Export To Database exports data directly to a database, or in database readable format, including an imported file with column names and a CellProfiler Analyst properties file, if desired.
This module exports measurements directly to a database or to a SQL-compatible format. It allows you to create and import MySQL and associated data files into a database and gives you the option of creating a properties file for use with CellProfiler Analyst. Optionally, you can create an SQLite database file if you do not have a server on which to run MySQL itself.

This module must be run at the end of a pipeline, or second to last if you are using the CreateBatchFiles module. If you forget this module, you can also run the ExportDatabase data tool after processing is complete; its functionality is the same.

The database is set up with two primary tables. These tables are the Per_Image table and the Per_Object table (which may have a prefix if you specify):

Typically, if multiple types of objects are identified and measured in a pipeline, the numbers of those objects are equal to each other. For example, in most pipelines, each nucleus has exactly one cytoplasm, so the first row of the Per-Object table contains all of the information about object #1, including both nucleus- and cytoplasm-related measurements. If this one-to-one correspondence is not the case for all objects in the pipeline (for example, if dozens of speckles are identified and measured for each nucleus), then you must configure ExportToDatabase to export only objects that maintain the one-to-one correspondence (for example, export only Nucleus and Cytoplasm, but omit Speckles).

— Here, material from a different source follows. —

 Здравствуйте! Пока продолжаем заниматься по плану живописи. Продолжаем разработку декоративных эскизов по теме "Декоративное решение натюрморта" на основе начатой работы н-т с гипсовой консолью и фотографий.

If you have extracted "Plate" and "Well" metadata from image filenames or loaded "Plate" and "Well" metadata via the Metadata or LoadData modules, you can ask CellProfiler to create a "Per_Well" table, which aggregates object measurements across wells. This option will output a SQL file (regardless of whether you choose to write directly to the database) that can be used to create the Per_Well table. At the secure shell where you normally log in to MySQL, type the following, replacing the italics with references to your database and files:

mysql -h hostname -u username -p databasename < pathtohttp://d1zymp9ayga15t.cloudfront.net/images/perwellsetupfile.SQL

The commands written by CellProfiler to create the Per_Well table will be executed.

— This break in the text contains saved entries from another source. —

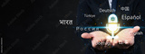 Businessman presenting artificial intelligence language translation above his open hand. Glowing AI logo inside a virtual microphone surrounded by several languages
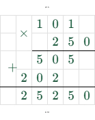 $101 \cdot 250 = (100+1) \cdot 250 = 100 \cdot 250 + 1 \cdot 250 = 25000 + 250 = 25250$
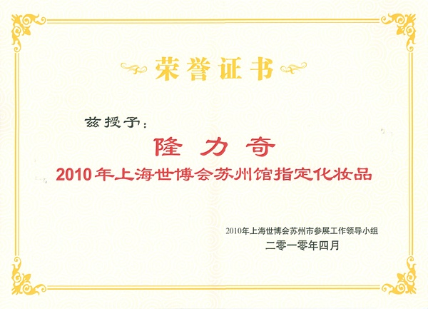 2010: Longrich sponsored the Pavilion of Suzhou during the Shanghai World Expo. Longrich cosmetics products won the ‘’ 2010 Shanghai World Expo Suzhou Pavilion appointed Cosmetic products ‘’.
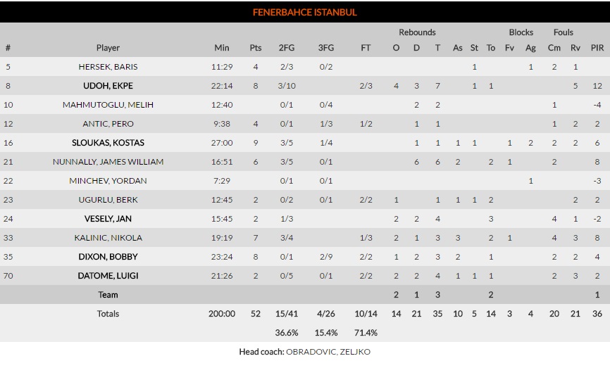Voigtmann y Larkin, los mejores con 13 puntos cada uno; sumando 8 rebotes y 6 asistencias respectivamente. Bargnani también alcanzó esa cifra de puntos, pero en instantes de mayor relajación. Nadie en Fenerbahçe alcanzó los 10 puntos anotados. Fiel reflejo de la superioridad de un equipo sobre otro. La intensidad, por otro lado, fue lo más destacado. Gran defensa local, sumado a un horrible partido de los de Obradovic en los porcentajes (15% en tiros de tres).
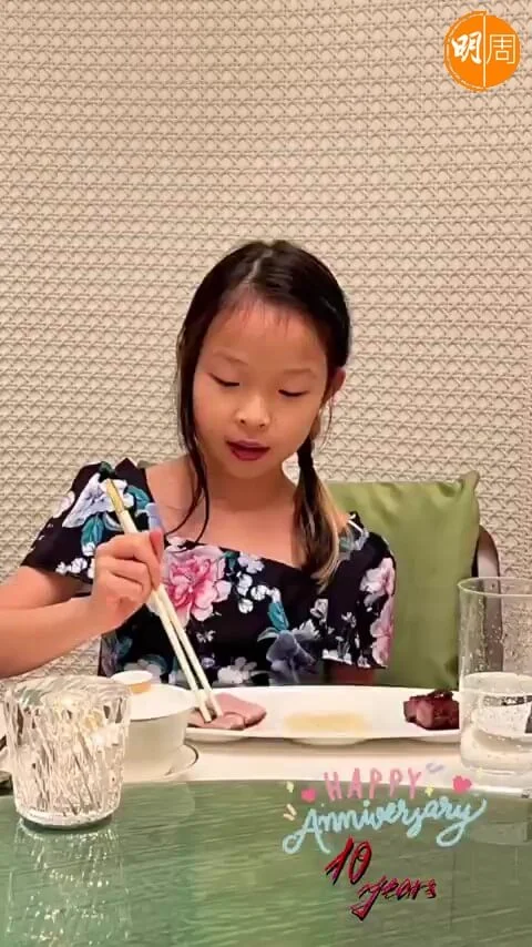 片段中一幕,是7歲的Kassidy穿上熊貓浴袍,雙手捧首一堆毛巾遮去視線,不斷地撞牆,最後要嘉樂出手引囡囡回正軌,非常搞笑,跟爸媽一樣充滿喜劇細胞。

Oracle is not fully supported at present; you can create your own Oracle DB using the .csv output option and writing a simple script to upload to the database.

Available measurements

For details on the nomenclature used by CellProfiler for the exported measurements, see Help > General Help > How Measurements Are Named.

See also ExportToSpreadsheet.

Settings:

Database type

Specify the type of database you want to use:
  If running this module on a computing cluster, there are a few considerations to note:
  • The MySQL option is well-suited for cluster use, since multiple jobs can write to the database simultaneously.
  • The SQLite option is not as appropriate; a SQLite database only allows access by one job at a time.

Experiment name

Select a name for the experiment. This name will be registered in the database and linked to the tables that ExportToDatabase creates. You will be able to select the experiment by name in CellProfiler Analyst and will be able to find the experiment's tables through database queries.

Database name

Select a name for the database you want to use

SQL file prefix

(Used if MySQL / CSV is selected as the database type)
Enter the prefix to be used to name the SQL file.

Name the SQLite database file

(Used if SQLite selected as database type)
Enter the name of the SQLite database filename to which you want to write.

Overwrite without warning?

ExportToDatabase creates tables and databases at the start of a run when writing directly to a MySQL or SQLite database. It writes SQL scripts and CSVs when not writing directly. It also can write CellProfiler Analysis property files. In some cases, it is appropriate to run CellProfiler and append to or overwrite the data in existing tables, for instance when running several CellProfiler instances which each process a range of the experiment's image sets. In other cases, such as when the measurements to be written have changed, the data tables must be dropped completely.
You can choose fromm three options to conrtol overwriting behavior:

Add a prefix to table names?

Select whether you want to add a prefix to your table names. The default table names are Per_Image for the per-image table and Per_Object for the per-object table. Adding a prefix can be useful for bookkeeping purposes. Whether you chose to use a prefix or not, CellProfiler will warn you if your choice entails overwriting an existing table.

Table prefix

(Used if Add a prefix to table names? is selected)
Enter the table prefix you want to use.

MySQL has a 64 character limit on the full name of the table. If the combination of the table name and prefix exceeds this limit, you will receive an error associated with this setting.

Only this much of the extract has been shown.